Khalidi lamented that, in this context, the kinds of atrocities committed on October 7 were inevitable. He was not justifying. He was explaining. Khalidi called it a “pressure-cooker.” He specifically named the Israeli government’s takeover of the Al-Aqsa Mosque, the heavy limits on food, water and electricity in Gaza, the annexation of more and more Palestinian land on the West Bank, two different laws for Israelis and Palestinians and the imprisonment of thousands of Palestinians (without charges).

Since October 9, we have listened to many moderates, online and in person, describe a situation much different than what Khalidi narrated. His description, however, has been supported and deepened by other voices in the wilderness. Palestinian martyrs like Refaat Alareer. Palestinian journalists like Motaz, Bisan, Bayan and Mosab Abu-Toha. Palestinian Christians like Naim Ateek, Munther Isaac and Jonathan Brenneman (photo right, with 2-year-old Belén). Jewish journalists and scholars like Norman Finkelstein, Miko Peled, Gabor Mate, Zachary Foster, Ilan Pappe and Amanda Gelender. Radical Christians like Claudia de la Cruz and Cornel West who are promoting alternative political platforms. Scholars like Noura Erakat, Sylvia Chan-Malik, Dylan Rodriguez, Maya Mikdashi, Omar Baddar, Ali Abunimah, Marc Lamont Hill, Chris Hedges, Biko Mandela Gray, Ta-Nehisi Coates, Steven Thrasher and Nick Estes. Long-form, independent journalism provided by Amy Goodman and Brianha Joy Gray. If you want to get to the roots, follow a few of these.
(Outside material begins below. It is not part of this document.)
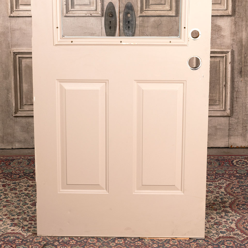 Architectural salvage contemporary metal clad half lite entry door measuring approximately 31 3/4" wide x 79 1/4" tall x 1 3/4" thick.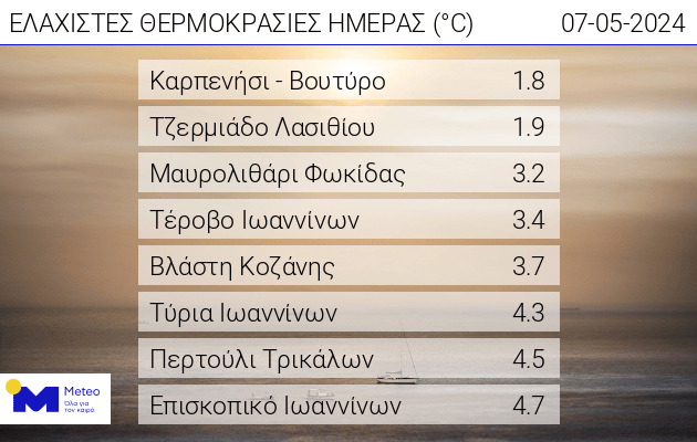 Στον παρακάτω πίνακα παρουσιάζονται οι 8 σταθμοί του δικτύου αυτόματων μετεωρολογικών σταθμών του meteo.gr / Εθνικού Αστεροσκοπείου Αθηνών που κατέγραψαν τις χαμηλότερες θερμοκρασίες το πρωί της Τρίτης 07/05.

We were blessed by invitations to join Jewish Voice for Peace and Palestinian organizations in the streets of Detroit. These mostly younger leaders facilitated marches, rallies, protests, boycotts and vigils calling for a ceasefire and an end to the occupation in Gaza.
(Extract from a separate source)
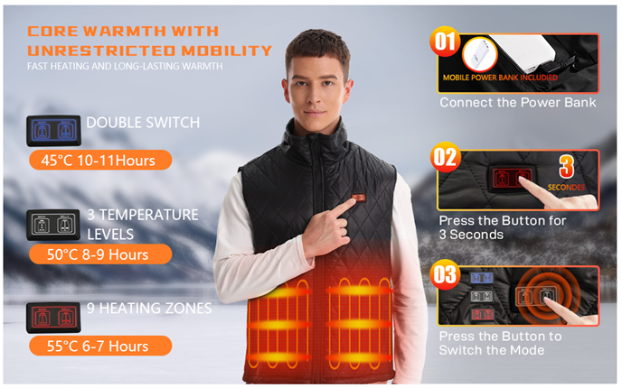 - Customer Service -Please check the size chart before purchasing, if you don't know what to choose, please contact us via email. Any questions with our heated vests , please feel free to contact us via email, we will do our best to help you solve the problem in 24 hours.

One November night, at a downtown vigil to honor those who have been murdered in Palestine, several folks shared about their family members back home in Gaza. A guy about Tom's age said that he could not get a hold of his sisters and nieces for the past week. Another talked about his uncle, a dentist and a father of young children, who was found dead under the rubble. One young woman named her dad, her mom, her sisters, her cousins. All of them murdered by Israeli missiles. A big screen scrolled the names and ages of children. Now gone. The screen kept scrolling and scrolling and scrolling. 

At another vigil, in front of the Holocaust Center in the suburbs, 86-year-old Holocaust survivor Rene Lichtman (right) grabbed the mic to tell the world that Zionism is not the same thing as Judaism. He called passionately for an immediate ceasefire and an end to the Israeli occupation. This was right before he walked out into the street and laid down in the middle of a busy intersection. Stopping traffic to tell the truth.

Finally, I (Tom) was blessed by so much of the more-than-human world (so was Lindsay, but this update has to come to an end!): the huge leaves of Catalpa trees, the sweet mulberries we picked on our walk to a brewery on the north end, the coyote who stared me down at dusk just a block away from our condo, the red-tailed hawk who hovers over our neighborhood and the hummingbirds in my mom’s yard, sucking on the nectar of the trumpetbushes my mom planted at the edge of her front porch. I am convinced that they zipped by me to give me permission to pursue a radical, cross-pollinating pleasure that does not come at anyone else’s expense.

All of these, and so many others, are the salt of the earth. They flavor and preserve the whole planet. Not just their own profiles or their own families. We’ve been profoundly blessed by their presence.